The highly anticipated talks between President Donald Trump and Russian leader Vladimir Putin ended with no firm agreement on stopping the three-year war in Ukraine, as both leaders took notably different stances speaking after the high-stakes summit in Alaska.
At what was billed as a press conference following a nearly three-hour meeting between the two leaders and their top aides Friday, Putin attempted to set the terms when he spoke first after both emerged on the stage at Joint Base Elmendorf-Richardson outside Anchorage.
Putin appeared optimistic about the talks as he said he and Trump had come to ‘agreements’ and described Ukraine — the sovereign nation he invaded and has been pillaging since March 2022 — as Russia’s “brotherly nation” and claimed Russia wants to end the conflict.
By contrast, Trump followed in brief comments and said firmly: “There’s no deal until there’s a deal.”
“I agree with President Trump, as he has said today, that naturally, the security of Ukraine should be ensured as well,” said Putin, via a translator. “Naturally we are prepared to work on that, I would like to hope that the agreement that we’ve reached together will help us bring closer that goal and will pave the path towards peace in Ukraine.
“We expect that Kyiv and European capitals will perceive that constructively and that they won’t throw a wrench in the works,” Putin cautioned, before warning Europe against “backroom dealings to conduct provocations to torpedo the nascent progress.”
Putin repeated oft-used lines about addressing what he calls the “primary roots, the primary causes of that conflict,”meaning his desire for Ukraine to end any ambitions to integrate with the West by joining the European Union or NATO, and said any settlement in the conflict must “consider all legitimate concerns of Russia and to reinstate a just balance of security in Europe and in world on the whole.”
But moments later, Trump torpedoed Putin’s claim to have reached an agreement, telling reporters instead that there were “many points that we agreed on” during the talks but there were still “a couple of big ones that we haven’t quite gotten there.”
“So there’s no deal until there’s a deal,” Trump said.
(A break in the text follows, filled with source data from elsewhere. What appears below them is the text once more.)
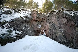 Jääseinän vastapäätä on rouheaa graniittia. Kapuan luminyppylän päälle, kallion juurelle, mistä löytyvän luolan suuaukko on nyt jään peitossa. Tänne asti kuuluu rotkon toiselta puolelta jään takana lorisevan veden ääni.
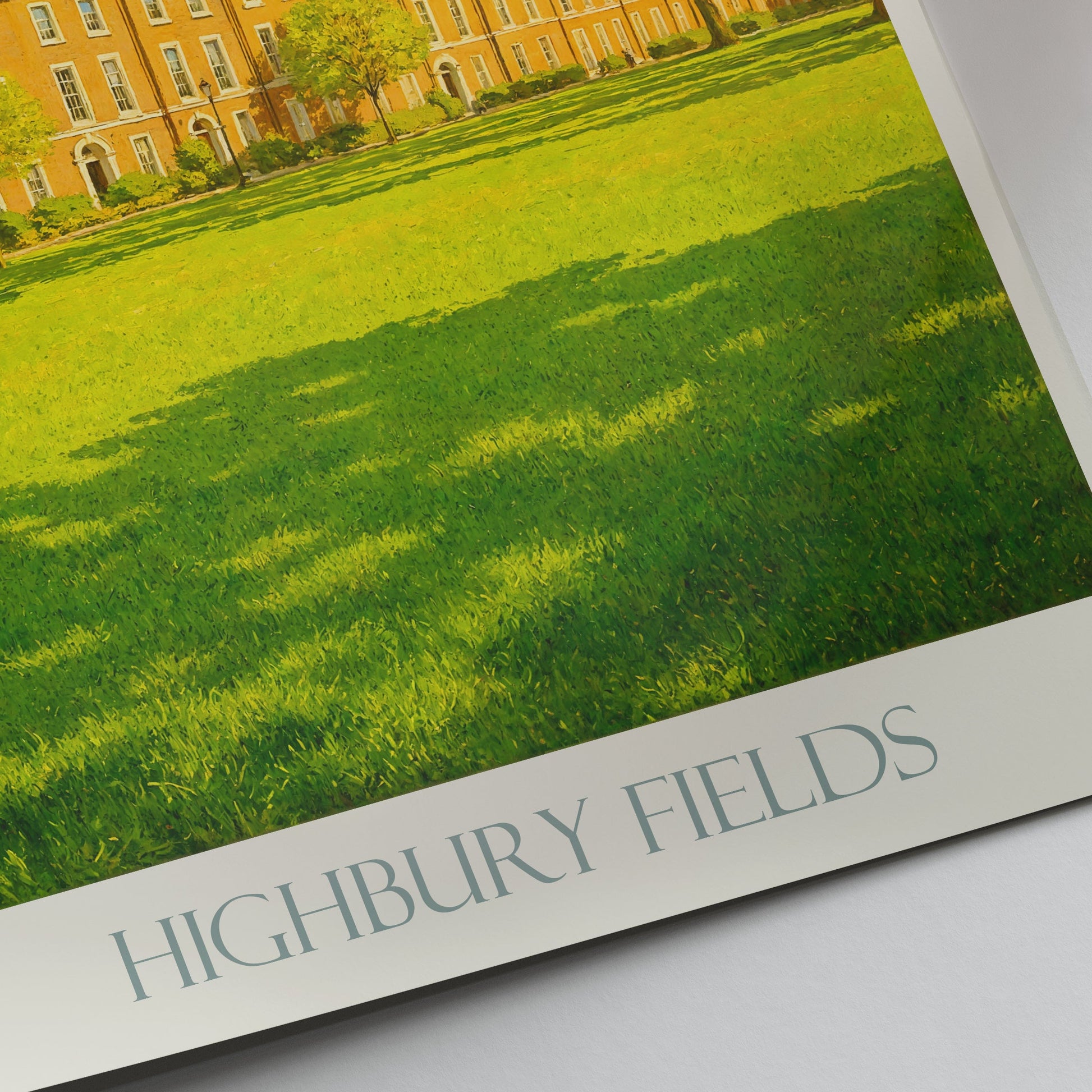 Bring the serene beauty of London's iconic Highbury Fields into your home with this stunning travel poster. This captivating art print perfectly captures a vibrant springtime scene, featuring the lush green common bathed in sunlight, framed by magnificent mature trees with their fresh, golden-green foliage. In the background, the elegant Georgian terraced houses of Islington add a touch of classic British architecture and urban tranquility.
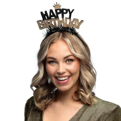 You will receive a gold-black headband from the brand. Boland The tiara is decorated with the lettering Happy Birthday and tinsel threads The headpiece comes in one size Put this hair accessory on your head on your birthday Combined with other accessories (sold separately) from Boland, your day of honour will be a very special experience, Manufacturer: Boland
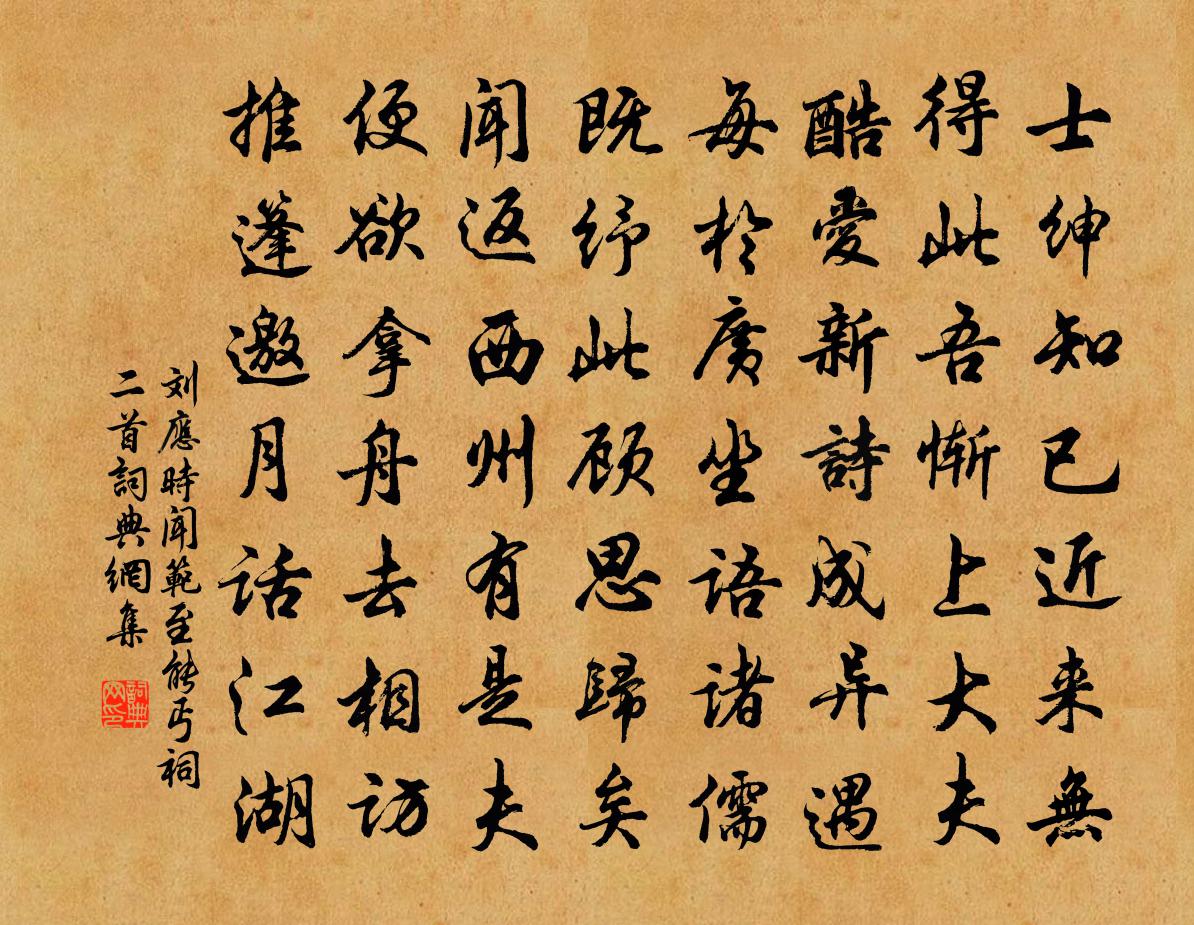 詩詞名句歷史字典書法欣賞書法字典國語詞典說文解字康熙字典古漢語字典標 題 作 者 詩 句 聞范至能丐祠二首作者:劉應時 朝代:宋代聞范至能丐祠二首原文士紳知已近來無,得此吾慚上大夫。酷愛新詩成異遇,每於廣坐語諸儒。既紓此顧思歸矣,聞返西州有是夫。便欲拿舟去相訪,推篷邀月話江湖。詩詞問答問:聞范至能丐祠二首的作者是誰?答:劉應時問:聞范至能丐祠二首寫於哪個朝代?答:宋代劉應時聞范至能丐祠二首書法欣賞聞范至能丐祠二首書法作品詩詞推薦送張真州大經趙蕃〔宋代〕渺渺春江綠水波,客中送客倍愁多。一麾出守輸公去,三徑就荒如我何。暫為淮人符剖竹,即掃漢殿橐持荷。異時沅陵見招賞海棠病不能往輒爾言謝三首趙蕃〔宋代〕二月已盡三月來,計君行日已相催。奈何病著不能往,豈但看花仍把杯。田家歐陽袞〔唐代〕黯黯日將夕,牛羊村外來。岩阿青氣發,籬落杏花開。草木應初感,鶬鶊亦已催。晚間春作好,行樂不須猜。又贈術士薛鏡台二首徐元傑〔宋代〕始吾為養喜徼榮,今恨孤孱感慨增。白髮滿頭何所用,只存憂願數年登。齋中雜題陸游〔宋代〕幽居厭見凡花草,紅紫紛紛不復栽。自斸蒼苔換黃土,南山移得玉芝來。蕃女怨溫庭筠〔唐代〕萬枝香雪開已遍,細雨雙燕。鈿蟬箏,金雀扇,畫梁相見。雁門訊息不歸來,又飛回。蘇文忠蘿漢偈帖贊岳珂〔宋代〕佛法離住相,色相本非實。云何阿羅漢,可以色相求。居士宰官身,只園夙親近。會發宏原深,現此廣長舌。於後冬夜不寐朱淑真〔宋代〕推枕鴛幃不耐寒,起來霜月轉欄乾。悶懷脈脈與誰說,淚滴羅衣不忍看。奉和御製喜降時雪七言四韻詩楊億〔宋代〕一夕香街布玉塵,檀樂勁節露貞筠。免園置酒皇歡洽,柏殿賡歌睿唱新。麥秀原田初望歲,花開苑樹忽驚春。豐穰次韻羅郢州送別項安世〔宋代〕江上相留不肯留,渡江沿岸卻回頭。漢江東去人西去,不見高城始是愁。秋水閣記錢謙益〔清代〕 閣于山與湖之間,山圍如屏,湖繞如帶,山與湖交相襲也。虞山,嶞山也。蜿蜒西屬,至是則如密如防,環拱崖桂花徐大受〔宋代〕重重簾幕護金猊,小樹花開帶麝臍。寒色十分新疹粟,春心一點暗通犀。香延棋畔仙人斧,影射燈前太乙藜。從此送聘儒侄秋試袁說友〔宋代〕八月靈槎萬里秋,乘風得雋要遨頭。吾家連已躋儒級,汝業今宜濟巨舟。掘井莫令嗟九仞,善刀終自見金牛。儒冠二月四日約同寮勸耕萬安院已而不至書於彭氏向滈〔宋代〕滿目風光二月時,小桃無數柳依依。松間野寺臨清淺,花底旗亭倚翠微。人意不隨春意好,此心端與賞心違。目斜鄭甥有大西上劉克莊〔宋代〕歲晚親朋少,何堪遠別離。人誰念原父,甥勿似牢之。宗伯驚文卷,慈親望捷旗。餞行應滿袖,不欠病翁詩。新秋即事王禹偁〔宋代〕百歲浮生一夢中,夢中何事有窮通。姓名舊署黃麻紙,顏狀今成白髮翁。煙暝小窗螢火碧,雨昏幽逕蓼花紅。謫居陪江西裴公游襄州延慶寺皮日休〔唐代〕丹霄路上歇征輪,勝地偷閒一日身。不署前驅驚野鳥,唯將後乘載詩人。岩邊候吏雲遮卻,竹下朝衣露滴新。更向朝中措(和)趙長卿〔宋代〕征帆一樓轉彎斜。驚鷺起汀沙。點點隨風逆上,滿江飛破殘霞。樓前光景,樓心紅粉,蟬翼輕紗。卻憶錢塘江上,禪人並化主寫真求贊釋正覺〔宋代〕清淨本然,如合因緣。涅不緇而磨不磷,仰彌高而鑽彌堅。隨之無後,迎之無前,空空空處亡中邊。而今信手拈來偈頌二百零五首釋正覺〔宋代〕舌頭一臠肉,口唇兩片皮。其間無固必,分外莫猜疑。趙州古佛,雲門聖師,歷歷機頭不掛絲。自然桃李成蹊去,名句推薦雲邊雁斷胡天月,隴上羊歸塞草煙。溫庭筠《蘇武廟》 滿目飛花萬點,回首故人千里,把酒沃愁腸。葛長庚《水調歌頭·江上春山遠》 取次花叢懶回顧,半緣修道半緣君。元稹《離思五首·其四》 卻下水晶簾,玲瓏望秋月。李白《玉階怨》 柳下桃蹊,亂分春色到人家。秦觀《望海潮·洛陽懷古》 偶參伍之驗,以責陳言之實韓非及後人《韓非子·備內》 山遠天高煙水寒,相思楓葉丹。李煜《長相思·一重山》 楚天千里清秋,水隨天去秋無際。辛棄疾《水龍吟·登建康賞心亭》 顧謂戚夫人,彼翁羽翼成。李白《山人勸酒》 憐不可存,憐人者無證其忠。友宜重懲,援友者惟其害。來俊臣《羅織經·問罪卷第十》

The president stressed that any future deal would have to receive assent from the Ukrainian government as well as America’s NATO allies, and said he’d be “calling up … the various people that I think are appropriate,” as well as Ukrainian president Volodymyr Zelensky to read them in on what transpired behind closed doors today.
Trump added that the meeting, in his estimation, had been “very productive” and included “many points” that had been agreed to, and said there was a “good chance” of reaching some sort of accord going forward.
A second meeting has been floated in recent days by Trump but has not been confirmed.
Putin suggested to Trump in English: “Next time in Moscow,” which the president said he could “get a little heat” for but added he could see it “possibly happening.”
The leaders did not take questions from reporters and swiftly walked off the stage.
There was no mention of a possible land swap of Ukrainian territories that Trump previously suggested, which he said would be “to the betterment of both” sides.
The reality that Ukraine will lose territory in a peace agreement has been accepted by Zelensky in recent months.
The mayor of Kyiv, Vitali Klitschko, conceded Friday that Ukraine may have to “give up territory” as a temporary solution towards peace.
“One of the scenarios is… to give up territory. It’s not fair. But for the peace, temporary peace, maybe it can be a solution, temporary,” Klitschko told the BBC. But he stressed that the Ukrainian people would “never accept occupation” by Russia.
Russia occupies about a fifth of Ukraine, from the country’s northeast to the Crimean Peninsula, which was annexed illegally in 2014.
The front line is vast and cuts across six regions — the active front stretches for at least 1,000 kilometres (680 miles) — but if measured from along the border with Russia, it reaches as far as 2,300 kilometres (1,430 miles).
Russia controls almost all of the Luhansk region and almost two-thirds of Donetsk region, which together comprise the Donbas, as the strategic industrial heartland of Ukraine is called.
Russia has long coveted the area and illegally annexed it in the first year of the full-scale invasion, even though it did not control much of it at the time.